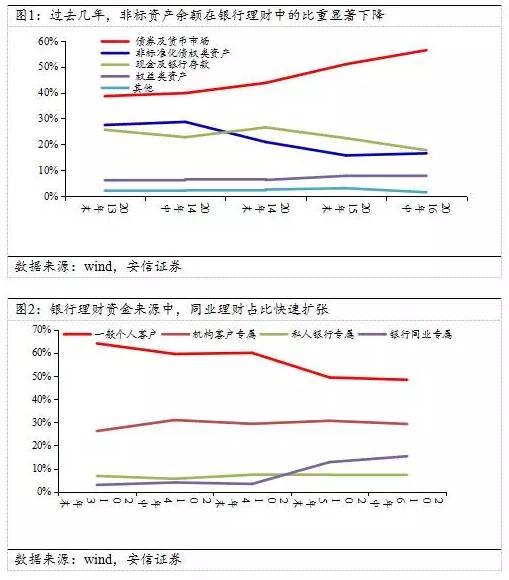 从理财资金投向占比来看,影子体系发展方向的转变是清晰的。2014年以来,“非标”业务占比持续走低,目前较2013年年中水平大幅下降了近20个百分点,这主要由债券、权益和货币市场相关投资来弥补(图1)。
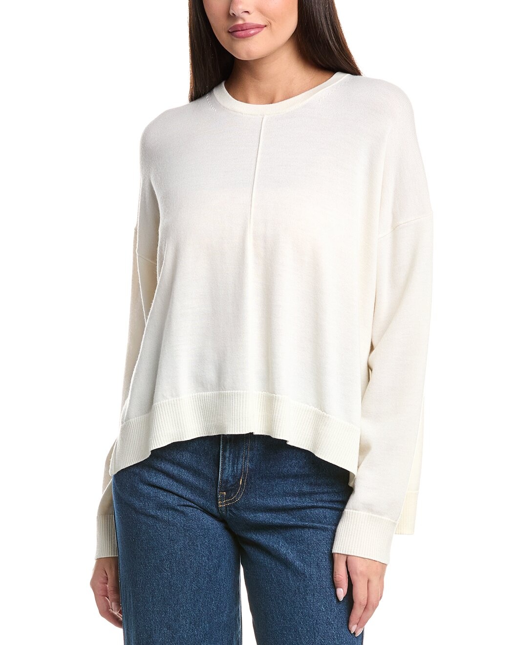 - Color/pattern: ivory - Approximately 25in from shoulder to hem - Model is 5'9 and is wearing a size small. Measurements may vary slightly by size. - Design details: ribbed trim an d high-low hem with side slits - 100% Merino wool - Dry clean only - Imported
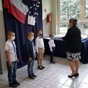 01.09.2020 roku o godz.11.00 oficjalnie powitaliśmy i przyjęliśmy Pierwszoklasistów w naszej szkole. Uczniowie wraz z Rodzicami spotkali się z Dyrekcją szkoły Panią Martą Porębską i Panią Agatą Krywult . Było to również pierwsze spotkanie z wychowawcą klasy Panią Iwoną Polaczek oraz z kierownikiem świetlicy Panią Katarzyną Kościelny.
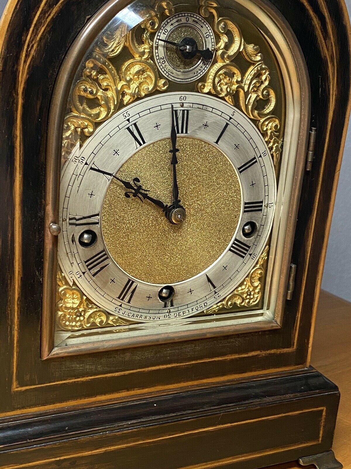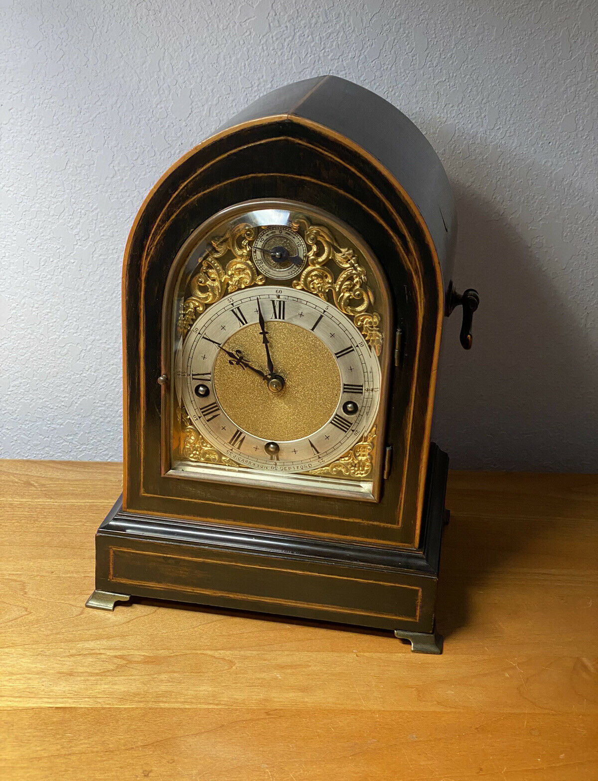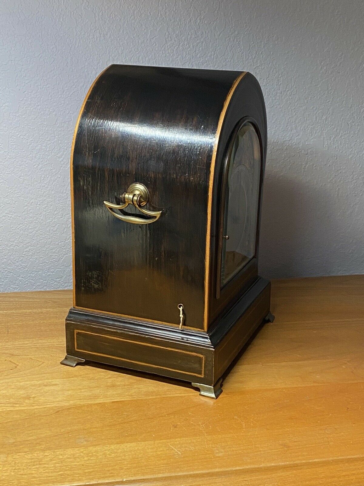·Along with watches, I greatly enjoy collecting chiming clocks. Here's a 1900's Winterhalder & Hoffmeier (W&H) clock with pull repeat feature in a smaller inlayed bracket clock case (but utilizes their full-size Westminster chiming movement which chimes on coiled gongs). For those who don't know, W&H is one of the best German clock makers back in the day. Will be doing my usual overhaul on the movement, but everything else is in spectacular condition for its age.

※

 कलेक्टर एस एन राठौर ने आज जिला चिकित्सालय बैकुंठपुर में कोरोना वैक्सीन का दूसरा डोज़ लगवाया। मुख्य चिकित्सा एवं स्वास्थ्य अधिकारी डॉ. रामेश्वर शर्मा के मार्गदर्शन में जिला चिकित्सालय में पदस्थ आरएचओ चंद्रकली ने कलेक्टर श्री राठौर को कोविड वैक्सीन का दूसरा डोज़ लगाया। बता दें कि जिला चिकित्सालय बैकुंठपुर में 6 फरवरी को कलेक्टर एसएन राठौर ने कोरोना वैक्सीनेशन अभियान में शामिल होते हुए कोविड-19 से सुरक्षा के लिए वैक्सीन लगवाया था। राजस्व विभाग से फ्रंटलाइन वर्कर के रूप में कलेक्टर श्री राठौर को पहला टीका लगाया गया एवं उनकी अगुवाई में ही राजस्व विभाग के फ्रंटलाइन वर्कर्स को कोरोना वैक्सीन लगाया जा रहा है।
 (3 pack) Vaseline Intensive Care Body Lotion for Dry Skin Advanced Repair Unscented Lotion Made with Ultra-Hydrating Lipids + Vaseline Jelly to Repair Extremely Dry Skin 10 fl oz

※

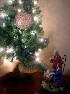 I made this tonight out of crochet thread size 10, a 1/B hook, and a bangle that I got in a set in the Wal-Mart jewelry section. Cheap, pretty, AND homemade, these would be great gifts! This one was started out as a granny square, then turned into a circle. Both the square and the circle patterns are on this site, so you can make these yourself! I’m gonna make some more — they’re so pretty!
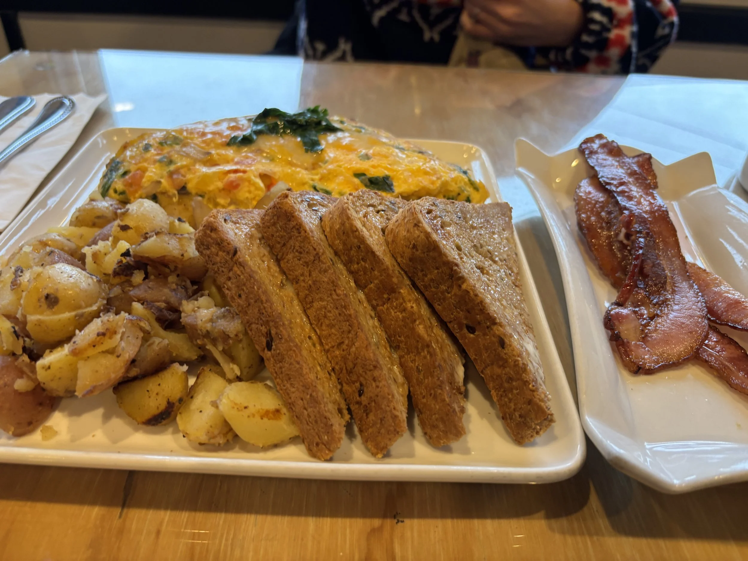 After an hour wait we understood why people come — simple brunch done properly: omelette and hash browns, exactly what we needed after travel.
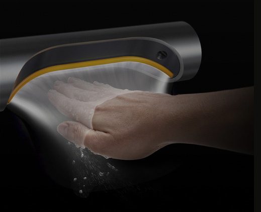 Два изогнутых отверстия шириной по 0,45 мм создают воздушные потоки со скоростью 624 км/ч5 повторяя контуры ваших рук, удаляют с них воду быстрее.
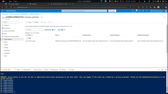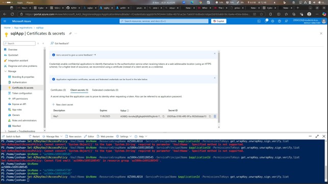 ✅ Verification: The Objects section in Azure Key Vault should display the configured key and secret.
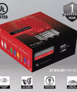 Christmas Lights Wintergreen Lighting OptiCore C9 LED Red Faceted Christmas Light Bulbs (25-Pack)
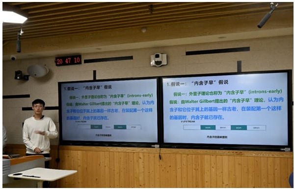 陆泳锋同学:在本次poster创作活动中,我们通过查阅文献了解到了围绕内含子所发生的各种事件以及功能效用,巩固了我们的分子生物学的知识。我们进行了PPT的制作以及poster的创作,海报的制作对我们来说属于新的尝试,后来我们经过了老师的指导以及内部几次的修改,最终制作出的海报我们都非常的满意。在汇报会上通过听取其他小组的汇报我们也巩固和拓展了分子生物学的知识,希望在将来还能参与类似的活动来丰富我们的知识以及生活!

※

• **About this task**
Your answer must be the exact lines from the records above, from the one containing "After an hour" through the one containing "Два изогнутых отверстия", both included, with every picture left out.

• **Exercise answer**
 After an hour wait we understood why people come — simple brunch done properly: omelette and hash browns, exactly what we needed after travel.
 Два изогнутых отверстия шириной по 0,45 мм создают воздушные потоки со скоростью 624 км/ч5 повторяя контуры ваших рук, удаляют с них воду быстрее.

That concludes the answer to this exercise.